Further features and advantages of the present invention will be seen from the following detailed description, taken in conjunction with the f llowing drawings, wherein like numerals depict like parts, and wherein

Fig. 1 is a cross-sectional view of a first embodiment of a specimen container made in accordance with the present invention;

Fig. 2 is a perspective view of an independently molded spike element of the specimen container of Fig. 1 ;

Fig. 3 is a bottom plan view of the specimen container of Fig. 1 ; Fig. 4 is a perspective view of a molded blank used to form the specimen container of Fig. 1 ;

Fig. 5 is a perspective view, from the top, showing the specimen container of Fig. 1 during assembly; and

Figs. 6-10 are graphs of gel setting times.

Referring to Figs. 1-5, the specimen container in accordance with the present invention provides a generally cube-shaped open container 10 having a base 12 and sidewalls 14, 16, 18 and 20. Formed on the interior of the base 12, and at least two of the sidewalls, e.g., 14 and 18, respectively, are contours 22, 24, 26. Contours 22, 24 and 26 are equally spaced from one another, for example, every five mm. Preferably contours 22, 24 and 26 have different contours, i.e., so as to serve as orientation markers. Contours 22, 24, 26 also may serve as sectioning markers or guides for a pathologist.

Referring in particular to Fig. 5, container 10 is formed from a molded blank 28, formed of an x-ray transparent plastic. The bottom 12 and sidewalls 14, 16, 18 and 20, are connected to one another by thin living hinges 30.

Orientation pegs 32, 34, 36 are molded on and extending from three of the walls, e.g., 14, 16 and 18. Orientation pegs 32, 34, 36 have different lengths to differentiate the walls from one another.

Radio-opaque indicia 38, 40, 42, 44 are provided on the sidewalls 14, 16, 18, 20 providing orientation markings of superior, inferior, lateral and medial sides. Additionally, radio-opaque fiducial markers 46, 48 are provided on the bottom 12 for permitting localization of internal structures. As will become apparent from the description following, contours 22, 24, 26 become molded into the surfaces of the embedding material, providing proper orientation and sectioning guides for a pathologist.

Referring in particular to Fig. 2, a tissue anchor 50 is provided for temporarily holding a specimen in a desired position. Tissue anchor 50 extends from the bottom 12. Tissue anchor 50 may be molded integrally with the bottom 28. Preferably, however, tissue anchor 50 is molded separately and is fitted into a hole 52 in bottom 12 and locked in place with two protruding wedges 54, 56 in a bayonet-type fitting.

A disc portion 58 adjacent the lower end of tissue anchor 50 covers hole 52 sealing the hole against leakage. Alternatively, tissue anchor 50 may be replaced with a plug. The container is assembled from blank 28 by folding up the sidewalls 14, 16, 18, 20 and joining the sidewalls together at their edges, for example, using water-resistant clips or an adhesive or glue. A feature and advantage of the present invention is that the sidewalls are frangible along their adjoining edges, so that the sidewalls may be folded back and a sample removed, e.g., for sectioning.

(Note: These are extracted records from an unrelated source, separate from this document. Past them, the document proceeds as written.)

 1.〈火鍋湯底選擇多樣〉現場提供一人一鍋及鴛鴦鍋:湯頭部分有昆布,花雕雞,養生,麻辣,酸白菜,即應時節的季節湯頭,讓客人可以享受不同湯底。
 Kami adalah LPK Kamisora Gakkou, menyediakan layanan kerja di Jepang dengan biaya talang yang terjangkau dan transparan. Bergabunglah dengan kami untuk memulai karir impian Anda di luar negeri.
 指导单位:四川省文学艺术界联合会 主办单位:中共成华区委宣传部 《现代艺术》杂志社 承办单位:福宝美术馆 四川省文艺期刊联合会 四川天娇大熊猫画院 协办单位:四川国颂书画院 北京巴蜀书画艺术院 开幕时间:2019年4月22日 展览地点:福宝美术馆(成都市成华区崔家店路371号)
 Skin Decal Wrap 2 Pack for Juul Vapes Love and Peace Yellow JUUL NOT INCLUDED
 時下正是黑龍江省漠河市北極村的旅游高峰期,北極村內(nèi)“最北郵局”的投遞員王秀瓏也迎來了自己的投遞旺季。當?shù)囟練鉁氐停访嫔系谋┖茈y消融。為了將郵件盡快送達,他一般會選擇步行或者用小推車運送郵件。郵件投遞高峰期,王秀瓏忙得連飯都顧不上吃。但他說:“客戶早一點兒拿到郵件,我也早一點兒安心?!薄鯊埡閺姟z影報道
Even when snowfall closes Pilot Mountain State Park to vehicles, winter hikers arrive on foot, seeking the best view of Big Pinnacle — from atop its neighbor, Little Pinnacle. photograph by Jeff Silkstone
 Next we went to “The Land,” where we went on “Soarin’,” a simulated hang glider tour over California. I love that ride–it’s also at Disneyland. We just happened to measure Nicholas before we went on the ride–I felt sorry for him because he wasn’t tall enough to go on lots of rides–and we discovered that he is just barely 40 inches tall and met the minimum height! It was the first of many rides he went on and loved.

As noted supra, the specimen container of the present invention may be employed with a variety of embedding materials including paraffin waxes, molten nitrocellulose, gelatin, and various resins to hold the specimen in a desired orientation.

Embedding materials must satisfy several criteria. For one, the embedding materials should be essentially x-ray transparent, or at least minimally x-ray absorbing so as to not interfere with assessment of cancerous legions in the tissue using radiography. Also, embedding materials should have as little possible effect on down-stream tissue processes such as fixation, dehydration, paraffin penetration or subsequent staining of the tissue.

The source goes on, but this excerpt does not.